**Task prompt:** When writing out the entries below, keep only the lines from the line with "(澳门GGR和中国奢侈品消费表现出强相关性)" to the line with "Девушка наблюдает за", both included, exactly as they are, and leave the pictures aside.

Stored dataset items:
▼

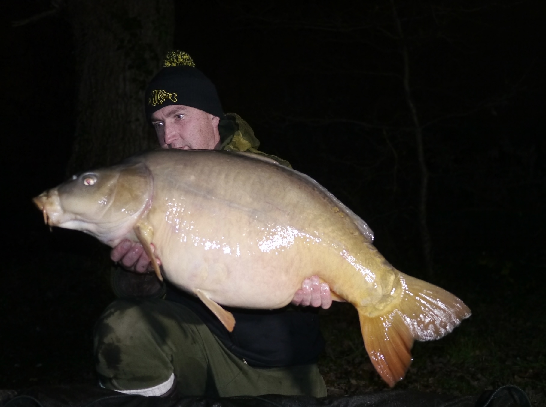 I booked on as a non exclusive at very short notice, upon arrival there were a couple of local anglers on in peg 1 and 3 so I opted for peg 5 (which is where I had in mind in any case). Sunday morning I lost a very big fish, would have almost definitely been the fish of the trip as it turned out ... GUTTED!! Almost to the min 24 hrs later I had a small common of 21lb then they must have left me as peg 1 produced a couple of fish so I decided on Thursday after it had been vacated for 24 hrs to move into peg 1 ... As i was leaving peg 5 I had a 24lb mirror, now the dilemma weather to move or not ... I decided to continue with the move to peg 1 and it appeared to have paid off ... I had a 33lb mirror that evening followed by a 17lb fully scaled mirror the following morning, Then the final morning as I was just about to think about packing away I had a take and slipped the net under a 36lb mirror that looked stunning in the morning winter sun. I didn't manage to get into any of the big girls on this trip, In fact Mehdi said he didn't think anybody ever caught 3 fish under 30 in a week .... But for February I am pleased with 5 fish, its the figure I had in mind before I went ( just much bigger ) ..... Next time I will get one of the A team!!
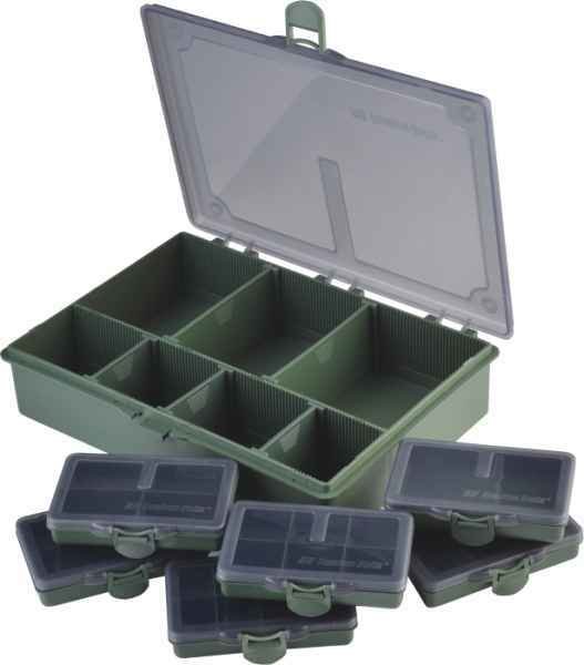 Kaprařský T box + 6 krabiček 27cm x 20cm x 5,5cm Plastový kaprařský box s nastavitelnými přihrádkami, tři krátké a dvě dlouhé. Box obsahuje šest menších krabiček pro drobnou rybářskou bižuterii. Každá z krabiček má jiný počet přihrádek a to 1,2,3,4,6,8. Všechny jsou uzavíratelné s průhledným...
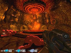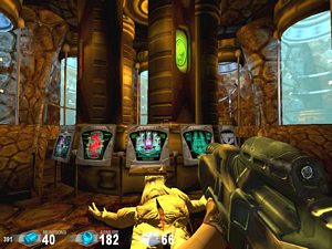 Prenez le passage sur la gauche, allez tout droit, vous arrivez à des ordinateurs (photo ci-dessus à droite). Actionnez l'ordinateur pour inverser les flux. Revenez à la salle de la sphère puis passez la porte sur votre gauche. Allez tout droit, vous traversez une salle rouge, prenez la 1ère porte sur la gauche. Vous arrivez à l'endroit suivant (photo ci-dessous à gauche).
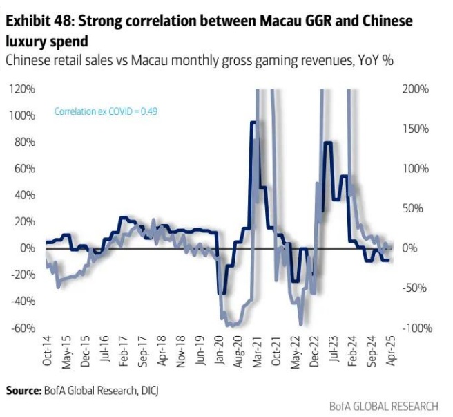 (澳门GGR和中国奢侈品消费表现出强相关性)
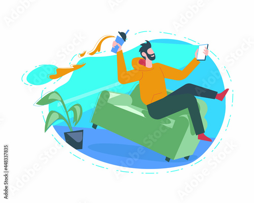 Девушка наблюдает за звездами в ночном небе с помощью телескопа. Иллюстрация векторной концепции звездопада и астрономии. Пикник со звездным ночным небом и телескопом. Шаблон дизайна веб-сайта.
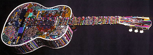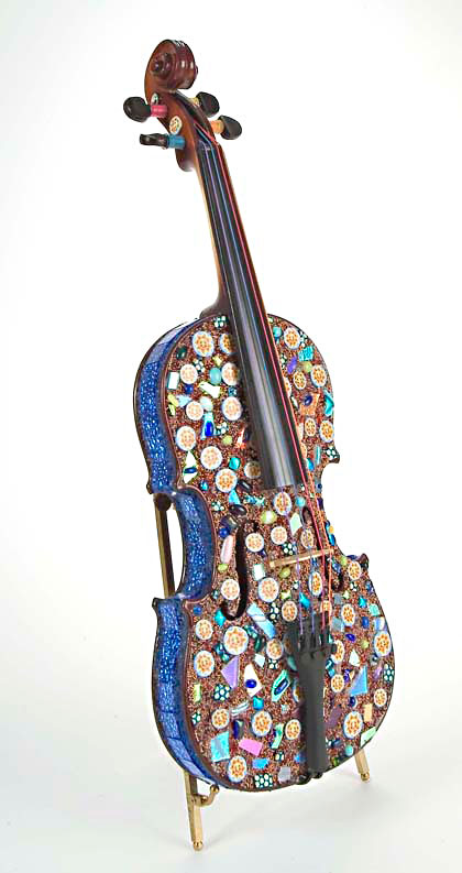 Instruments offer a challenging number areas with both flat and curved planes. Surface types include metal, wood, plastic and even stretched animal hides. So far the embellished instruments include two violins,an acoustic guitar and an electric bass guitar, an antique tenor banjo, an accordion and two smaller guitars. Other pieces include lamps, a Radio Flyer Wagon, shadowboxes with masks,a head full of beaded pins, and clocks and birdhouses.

▲

**Exercise solution:**
 (澳门GGR和中国奢侈品消费表现出强相关性)
 Девушка наблюдает за звездами в ночном небе с помощью телескопа. Иллюстрация векторной концепции звездопада и астрономии. Пикник со звездным ночным небом и телескопом. Шаблон дизайна веб-сайта.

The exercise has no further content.